Three times since the first of the year, we’ve received phone calls from the staff at our mothers’ assisted living facility.

Call No. 1 came after 10 p.m. on a Saturday — Stan’s mom had fallen getting out of bed. She wasn’t hurt and was in good spirits about it.

Call No. 2 was less than a week later, when his mom was too weak to stand or hold a cup of coffee and told the staff she wanted to see Stan because she was going to die that day. Her vital signs indicated that she had quite a bit more time left,  but Stan went right over to check on her. She was dehydrated. Aides brought her juice and broth and he got her a glass of water with a straw. By dinner time, she was back in the dining room at her appointed table.
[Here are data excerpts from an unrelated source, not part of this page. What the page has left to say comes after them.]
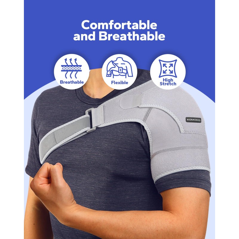Komoko Shoulder Brace, Rotator Cuff Support Brace with Ice Pack Insertion Capability, Pressure for Preventing Strains and Dislocation, Alleviating Shoulder Pain, Adjustable Fit for Men and Women
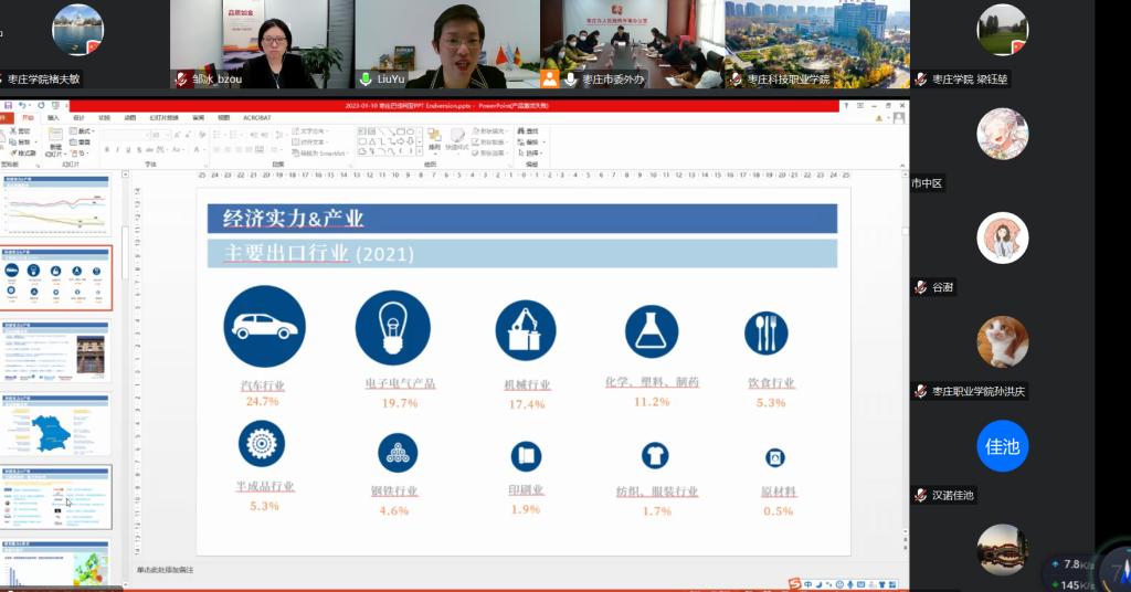 1月10日,枣庄市委外办举办新年第一场视频交流会——“走进德国:莱法州、巴州推介会”。德国莱法州驻中国经济代表处首席代表邹冰博士和巴伐利亚州山东代表处负责人刘玉女士受邀做专题推介,国际交流处全体工作人员线上参会。
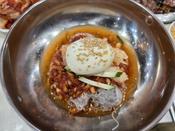 돼지갈비를 여러차례 갖다 먹고 마지막 껍데기로 입가심 했는데 비빔냉면으로 식사를 했는데 맛도 있고 양도 적당해 좋았습니다

The next day, she was fine, and she was thrilled when we brought her a big insulated cup with a lid and its own straw to encourage more frequent intake.
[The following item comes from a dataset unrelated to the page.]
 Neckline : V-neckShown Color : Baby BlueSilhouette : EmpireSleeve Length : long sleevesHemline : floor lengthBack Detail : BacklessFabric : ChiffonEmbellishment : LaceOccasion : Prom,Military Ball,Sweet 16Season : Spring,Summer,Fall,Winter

I’ve since learned that dehydration is common in the elderly and can mimic dementia (or simply make it worse), along with doing all sorts of other basic and awful things to the body and mind. It’s easy for older people to get dehydrated, too. They don’t get thirsty the way younger people do.

Our moms routinely ask about each other through us; they live in the same wing of the building on different floors and sit maybe 15 feet apart in the dining room. But they grew up in the I-Don’t-Want-to-Say-Anything Generation, where it’s acceptable to ask other people about each other rather than talking to the other person directly. Same thing as complaining to us about some aspect of daily life rather than talking to the people who can actually solve the problem — lower the thermostat, hang the picture, figure out why the TV keeps showing the blue screen that says No Signal!
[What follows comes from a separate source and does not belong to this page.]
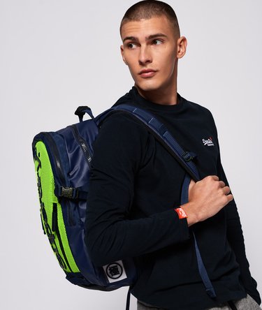 Superdry men’s mesh tarp backpack. This practical rucksack has multi-function compartments including a padded laptop sleeve, suitable for a 17” laptop, and a tech outer compartment complete with a headphone cable eyelet. Combining function with comfortability, this backpack has a ventilated back panel, adjustable padded shoulder straps and a grab top handle. The backpack is finished with a mesh front, raised Superdry logo and Superdry logo detailing on the zip pulls.
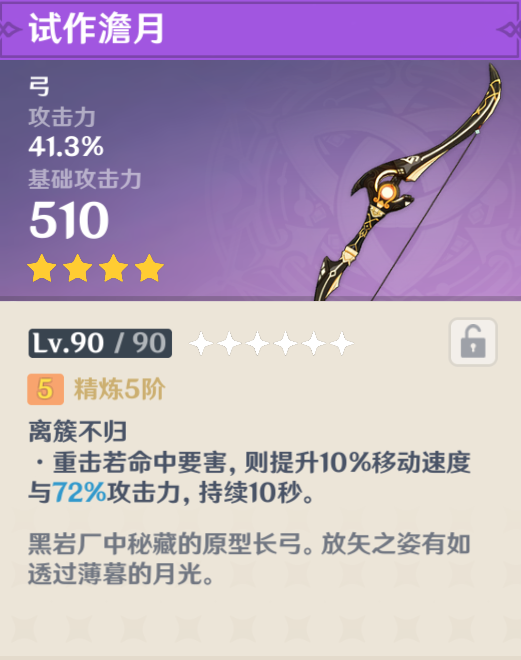 但这就带来了一个问题,那就是甘雨的武器,需要打弱点叠buff的试做澹月要退环境了。这把武器额外的41.3%攻击力确实不错,但基础攻击力只有510,这个确实低了点。当然,如果是站场甘雨,那么精五之后重击命中要害,还可以增加72%的攻击力,那输出是很可观的。

Saturday morning, I’ve got half a mile left to go on the treadmill and Stan answers Call No. 3. This one was about Mom. Mom? I expect these calls about Stan’s mom, not mine — the woman who continues to declare that she’s too young to live where she’s living and that no one there is interested in the same things she is (books, movies, TV.)

Mom had had an accident but she was OK, the aide told me. Her 4-by-6-foot cabinet that is chock-full of store-bought and home-recorded VHS tapes and DVDs had fallen on her and she couldn’t get out from under it. She’s pushed the button on her emergency alert wristband,  which was just what she should have done. She’d been extricated and is waiting now for the cabinet to be screwed to the wall so this won’t happen again. And we are profoundly relieved that this didn’t happen while she was still living alone in her house. Though she had an emergency alert system there as well, the cabinet was in a back room that she didn’t heat and finding her would have taken much longer.

Mom’s sore today but getting around pretty well. I brought her a new pair of shoes this afternoon (heckuva deal at Footwise in Corvallis, last day of their January clearance sale, 20% off the last markdown price) and insisted she take them on a test walk around the hallways, then out to my car. She insisted she wasn’t feeling well, but the new shoes felt good (this is a miracle because they are not the brand she usually wears), it was sunny and warm outside, and as I drove away, she and Irene were rolling along the sidewalk on a genuine constitutional.

What I saw as I drove away was my Mom, yes, but a stiff -limbed elderly woman, making her way slowly along a level surface with her mechanical helper. The Video Cabinet Incident was the first call. It won’t be the last.